Philippines: Growth slows to three-year low in Q2 on higher imports
The economy decelerated markedly in the second quarter, with annualized GDP growth reaching a three-year low of just 6.0%. The reading was lower than Q1’s downwardly revised 6.6% growth (previously reported: +6.8% year-on-year) and significantly undershot market analysts’ expectations of 6.7%. The deceleration was largely due to the external sector, which posted a large negative growth contribution as imports surged, while the momentum of the domestic economy remained strong.
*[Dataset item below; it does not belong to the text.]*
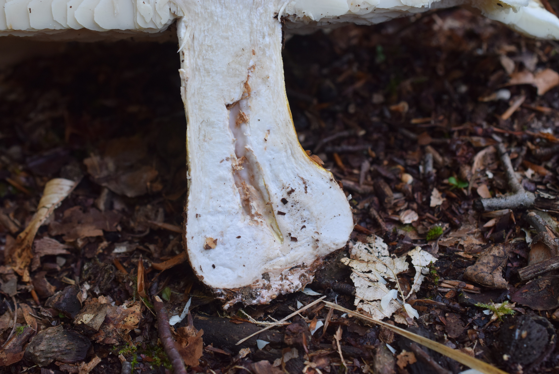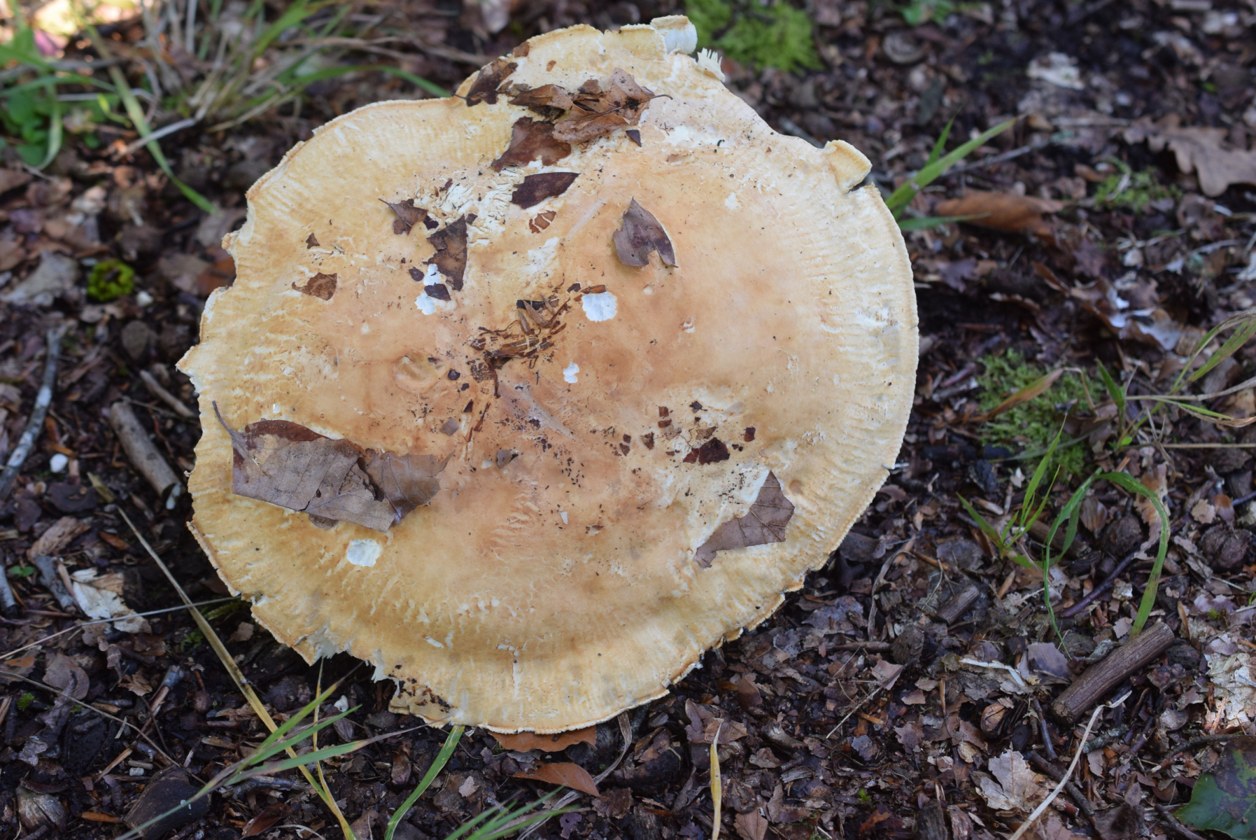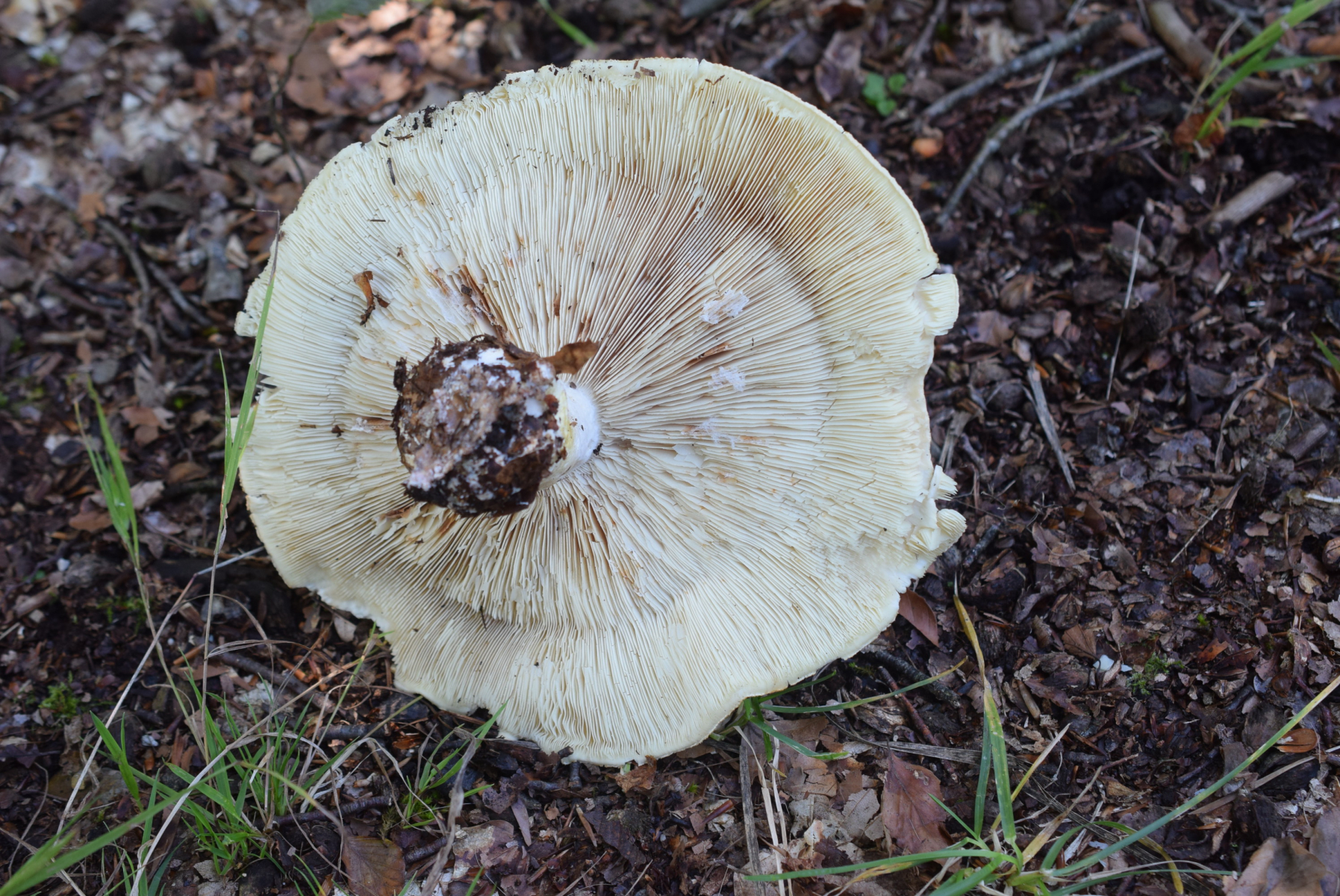 Aus meiner sicht passt das schon zu älteren und voll aufgeschirmten Leucopaxillus compactus / tricolor.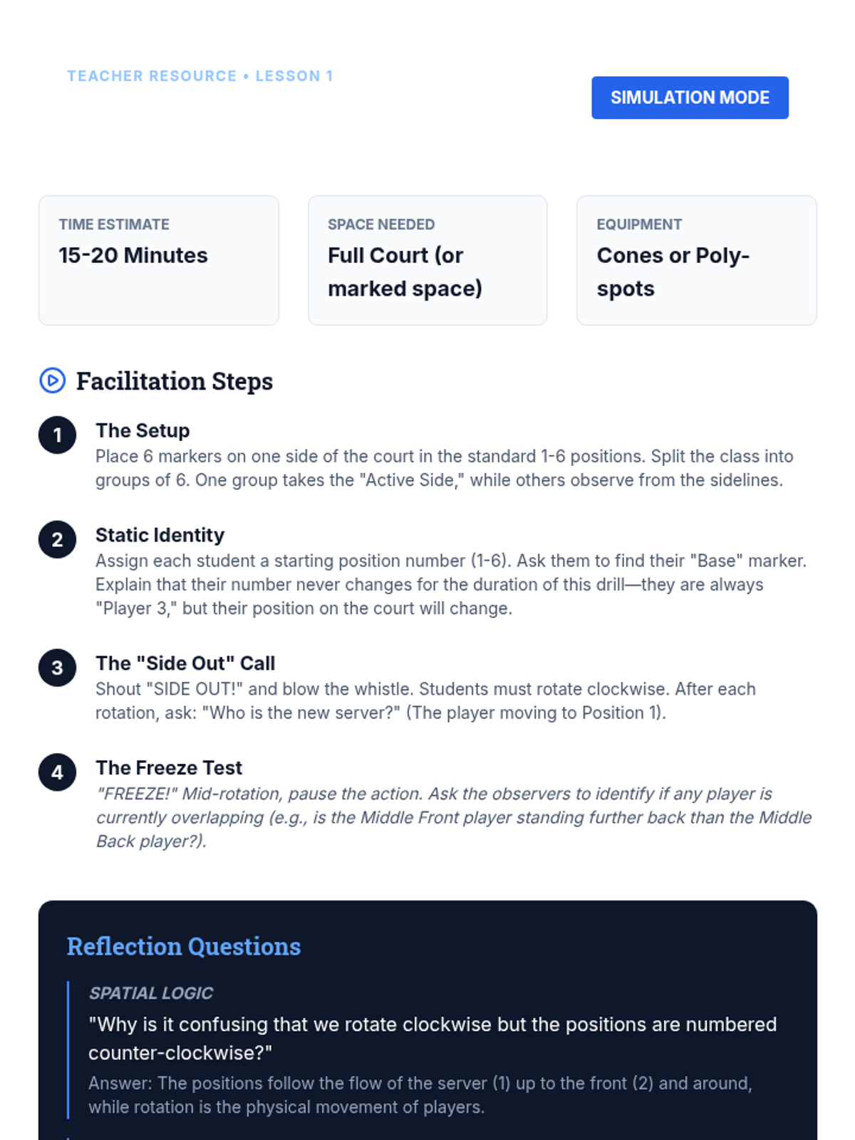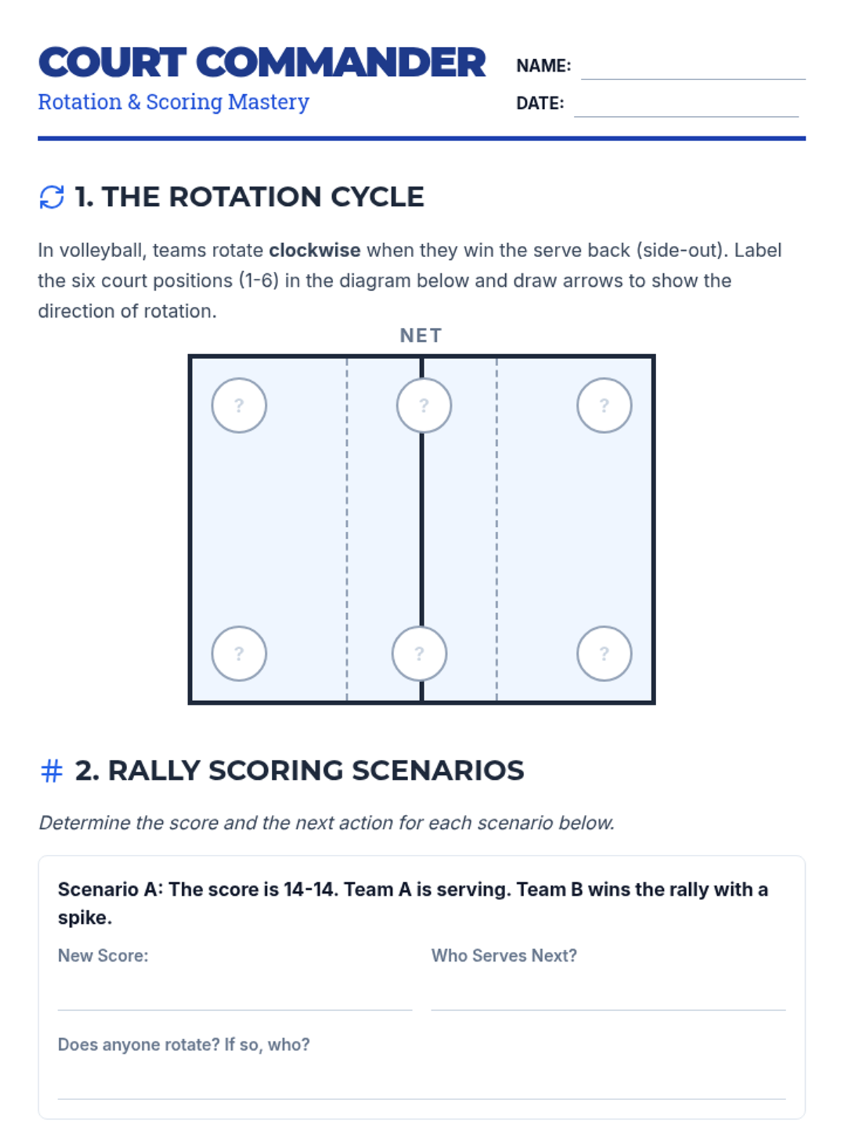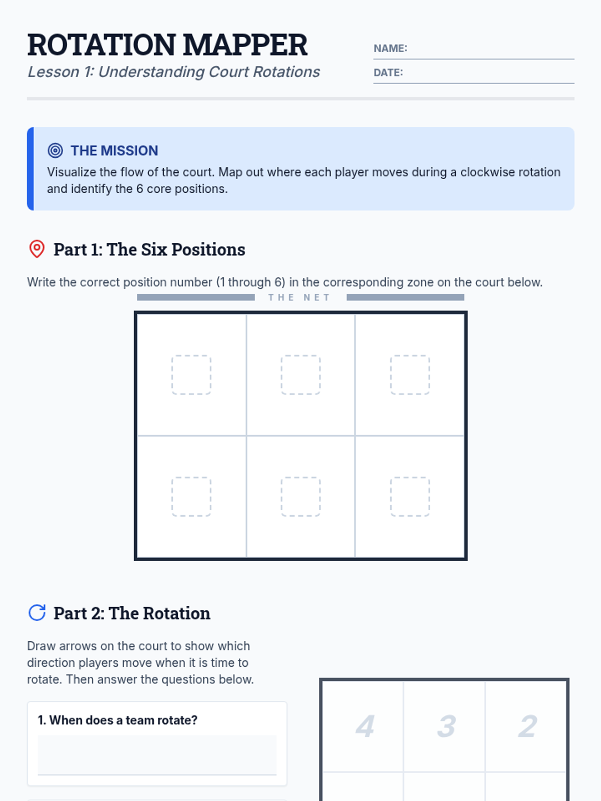 This sequence explores volleyball court rotations, serve receive formations, and defensive systems. Students will move from individual skills to team dynamics, learning how to maintain court balance, avoid overlap violations, and transition between offensive and defensive mindsets.

Indeed, domestic consumption dynamics were largely steady in the second quarter, despite mounting inflationary pressures which weighed on purchasing power. Private consumption growth came in at 5.6%, down slightly from Q1’s 5.7% print, while government consumption slowed from the 13.6% growth logged in Q1 to 11.9% in Q2. This marked the third consecutive quarter of double-digit growth in public expenditure, largely thanks to the government’s infrastructure investment program. Overall, total consumption growth in Q2 reached 6.6%, down from Q1’s 6.7%. Meanwhile, the government’s infrastructure plan also boosted fixed investment spending growth, which accelerated significantly from 8.8% in Q1 to 21.2% in Q2.
However, while higher government spending benefited domestic dynamics, it also contributed to the deterioration of the external account. Although growth in exports recovered from Q1’s weak print of 6.5% to a more robust 13.0% in Q2, import growth surged in the same period, from 9.6% in Q1 to 19.7% in Q2, notably as more capital goods were imported for the construction of public infrastructure. Government officials also indicated that the closure of the highly touristic island of Boracay in early April put a dent in the growth of services exports, which increased only 9.6% year-on-year after growing 16.4% in Q1. Overall, these effects led the external sector to post another negative contribution to GDP growth.